500 Years of Human Calculation: Art, Culture and AI
From geometry to generative AI, this extraordinary artwork shows how 500 years of logic, power, and algorithms shaped our world.
At the MAAT in Lisbon, and earlier at MoMA in New York, I stood before Calculating Empires, the monumental research-visualisation by Kate Crawford and Vladan Joler.
It is not simply an artwork. It is a vast map of how knowledge, algorithms, and power have intertwined across five centuries to create the technological and political systems we live with today.
Image: Credits Boghossian Foundation © Patrick Toomey Neri
The work is at once art, history, and critique: it shows how today’s artificial intelligence is not a sudden miracle of code, but the result of centuries of mathematics, classification, communication, and control.
Image: Credits Boghossian Foundation | ‘Calculating Empires’, Fondazione Prada, Milan, 2023-24 © Piercarlo Quecchia
The Long Genealogy of AI
The left side of the diagram begins in the 1500s with the development of Cartesian geometry, games of chance, and probability – the seeds of reasoning about uncertainty.
The 19th century introduced statistics, Gaussian distributions, and Boolean logic, laying the groundwork for the mathematics that would later become the foundations of computing.
The 20th century introduced information theory, Markov chains, and computation itself – the intellectual engines of the digital age.
And finally, the late 20th and 21st centuries saw the arrival of neural networks, machine learning, and generative AI – the technologies we now recognise as artificial intelligence.
Each advance is not isolated: it is part of a long continuum where science, empire, and industry shaped the trajectory of knowledge.
In detail: The Journey of Algorithms and Models
1500–1800: The Foundations
Games of chance and probability appeared when people studied gambling and uncertainty.
Cartesian geometry (1600s) provided a way to describe the world using numbers and shapes.
Calculus and classical mechanics (1700s) built robust tools to describe motion, change, and optimisation.
These ideas were mathematical “engines” for understanding the natural world.
1800–1900: Probability Meets Logic
Statistical inference helped people reason with incomplete information.

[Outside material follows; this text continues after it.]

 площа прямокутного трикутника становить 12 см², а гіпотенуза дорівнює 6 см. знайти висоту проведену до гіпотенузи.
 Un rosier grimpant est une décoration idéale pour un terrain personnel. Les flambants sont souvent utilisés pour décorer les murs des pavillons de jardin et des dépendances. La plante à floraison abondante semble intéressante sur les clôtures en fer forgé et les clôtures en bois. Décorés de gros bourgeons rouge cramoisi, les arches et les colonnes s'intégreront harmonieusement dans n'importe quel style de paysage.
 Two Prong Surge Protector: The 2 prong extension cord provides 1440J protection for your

Gaussian distributions describe randomness and natural variation.
Linear algebra and vector spaces became the language for solving equations.
At the same time, Boolean logic and binary arithmetic (0/1) prepared the ground for computers.

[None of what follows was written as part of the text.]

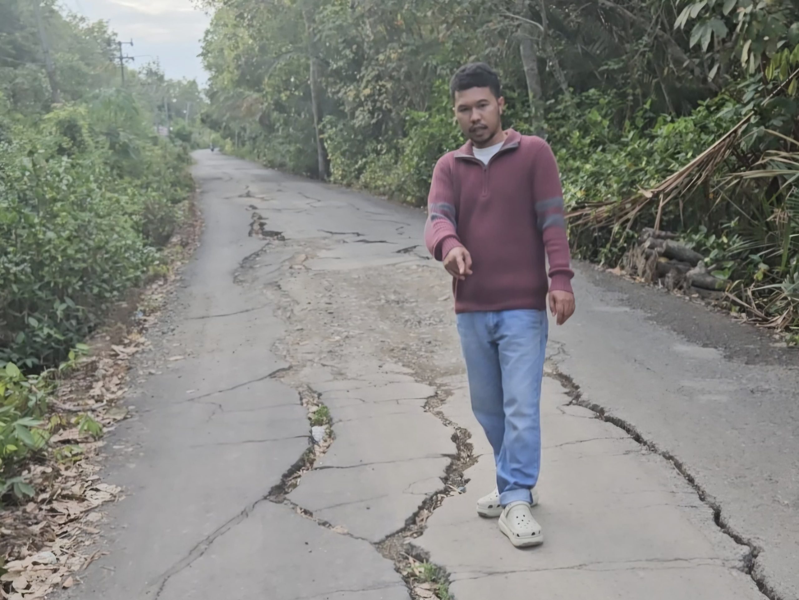 Warga semakin kesulitan beraktivitas, sementara pengendara roda dua harus bertaruh nyawa melintasi jalan yang berlubang, hingga retakan. Sebagai tokoh pemuda yang kini mulai menampakkan perhatiannya kepada daerah, Junaidi, dengan tegas, kembali mendesak pemerintah segera turun tangan.

1900–1950: From Theory to Computation
Markov chains and correlation explained patterns over time.
Information theory (Shannon) described how to compress and transmit data.
The theory of computation (Turing, Gödel) defined what machines can and cannot calculate.

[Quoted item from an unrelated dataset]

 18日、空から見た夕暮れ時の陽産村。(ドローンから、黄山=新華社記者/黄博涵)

Early sorting, search, and optimisation algorithms appeared.
1950–2000: The Birth of AI
Neural networks were first imagined, though limited by hardware.
Expert systems and symbolic AI tried to encode human reasoning as rules.
Clustering, classification, and ranking algorithms powered search engines and databases.
Decision trees and Bayesian methods aided in forecasting and data-driven learning.
2000–Today: The AI Revolution
Machine learning has become mainstream, fueled by the increasing availability of data and computing power.
Deep learning and transformers (e.g., GPT, BERT) have revolutionised natural language processing and speech recognition.
Generative AI now creates text, images, and music—something once thought impossible for machines.
Forecasting, recommendation, and large-scale neural networks are part of everyday life.
The Big Picture
This chart shows a continuous evolution:
Mathematics gave us the language.
Logic and computation gave us the rules.
Statistics and probability provided us with tools for dealing with uncertainty.
Modern AI combines all of these to create systems that can learn, adapt, and even generate new ideas.
It’s not a sudden invention, but a 500-year journey of human knowledge, each discovery building on the last, leading to the intelligent technologies we use today.
Image: Credits Boghossian Foundation | ‘Calculating Empires’, Fondazione Prada, Milan, 2023-24 © Piercarlo Quecchia
Empire, Control, and Technology
Calculating Empires is about power. It demonstrates how the same tools that enabled progress – probability, statistics, and classification – were also employed in systems of control, ranging from colonial mapping and enclosure to eugenics, surveillance, prisons, borders, and militarisation.
The diagram reveals how empires calculate – and how our current AI systems, powered by vast data extraction and computational labour, echo those histories. This is the art’s most powerful point: AI is not neutral. It is built upon centuries of intertwined logics of knowledge and domination.
Image: Credits Calculating Empires
In an age where AI is often presented as a purely technical story of innovation, Calculating Empires reminds us that it is also a cultural and political story. It forces us to see that behind every algorithm is a history – and behind every model, a set of values and power structures.
Crawford and Joler invite us to look slowly and carefully across 500 years of diagrams and ideas, to realise that today’s AI is the child of empire, industry, and logic intertwined.
It is an extraordinary act of visual scholarship – a constellation of art, history, and critique – and a reminder that if we wish to imagine fairer futures, we must first reckon with the deep past of our machines.